Picking up where Hell to Pay left off, we find Strange working in Soul Circus on behalf of Granville Oliver, a manipulative black mobster charged with murder and racketeering, who faces the death penalty. To help his client knock that sentence down to life imprisonment, Strange will have to find a nail salon worker named Devra Stokes, who used to be the girlfriend of Phillip Wood, a former associate of Oliver's and now the prosecution's chief witness against him. Stokes had sworn out an abuse complaint against Wood, and might testify that he was behind at least one of the killings Oliver is said to have planned.

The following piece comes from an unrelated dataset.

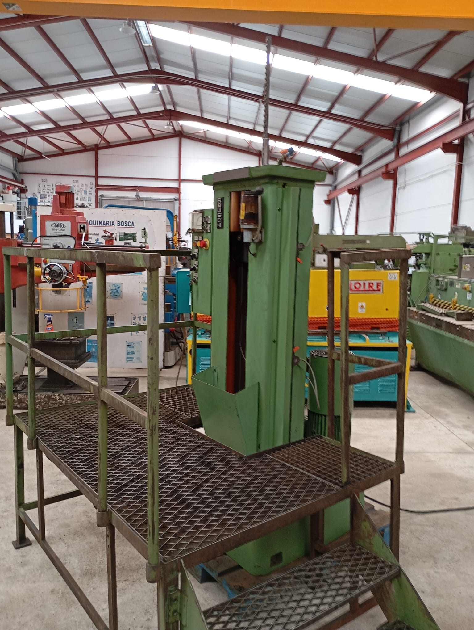Maquina en perfecto estado y con tarima para facil manejo del operario.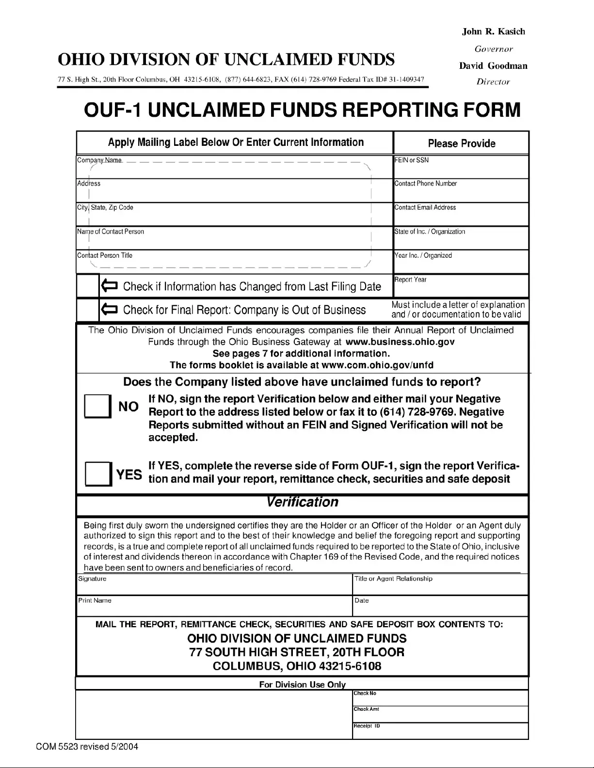 The verification section of the OUF-1 form must be signed by the Holder, an Officer of the Holder, or an authorized Agent for the report to be considered valid. If this signature is missing, the Ohio Division of Unclaimed Funds will not accept the report. This requirement ensures accountability and accuracy in the reporting process, so it is essential to complete this section before submission.

But, fearing for her own safety and that of her young son, she wants no part of Oliver's defense. Meanwhile, Quinn--against his better judgment--helps a homely, unpredictable gangsta-wannabe, Mario "Twigs" Durham, locate his girlfriend, who supposedly went missing, but in fact skipped out with his drug stash. Even as the threads of this yarn come together amid a deadly gang conflict, Pelecanos stays focused on his characters--not only his intriguingly troubled sleuths, but also a deftly nuanced cop-turned-gun dealer, Ulysses Foreman. Buttressed by Pelecanos's street-slangy prose, Soul Circus delivers an un-blindered perspective on urban life (and death) that manages to be both frightening and hopeful. Not so unlike the city in which it's set. --J. Kingston Pierce

From Publishers Weekly

PI Derek Strange continues to prowl the South East quadrant of Washington, D.C., in Pelecanos's 11th novel (after Hell to Pay), which caroms madly and brilliantly between warring drug crews, opportunistic gun dealers and intimidated witnesses. Strange is hired by lawyers defending Granville Oliver, a murderous high-profile drug dealer now headed for death row. Strange has to locate a reliable witness who could earn Granville a commutation to life in prison. His best bet is Devra Stokes, the former girlfriend of Philip Wood, a deputy drug dealer who had worked under Oliver and testified against his boss. Stokes filed a brutality complaint against Wood, and Strange might be able to cast doubt on Wood's credibility, if he can only find the disgruntled ex-girlfriend. Strange is growing weary of the dejection in this neighborhood, of fatherless black boys who become gullible thugs who go on to orphan another generation. But the real crime, Pelecanos suggests, is the ready supply of firearms ("Simple as buying a carton of milk. And you didn't even need big money to do it... the community could chip in to buy one. What they called a neighborhood gun"). These guns, Pelecanos reminds us, are wielded by little more than children who want to impress their friends. Dewayne and Mario Durham, teenaged brothers trying to work their way up the ladder of thugdom, are prime examples, and Mario's blind allegiance to his smarter younger brother has terrible consequences. The ensemble cast also includes charismatic mercenary gun dealer Ulysses Foreman. Foreman and Strange are the oldest characters in the cast, and as the body count rises, Pelecanos keeps readers guessing as to who will bow first. This is vintage Pelecanos, with characters to remember, dialogue that rocks, an unsentimental, kinetic tableau of the D.C. underworld and, most of all, a conscience.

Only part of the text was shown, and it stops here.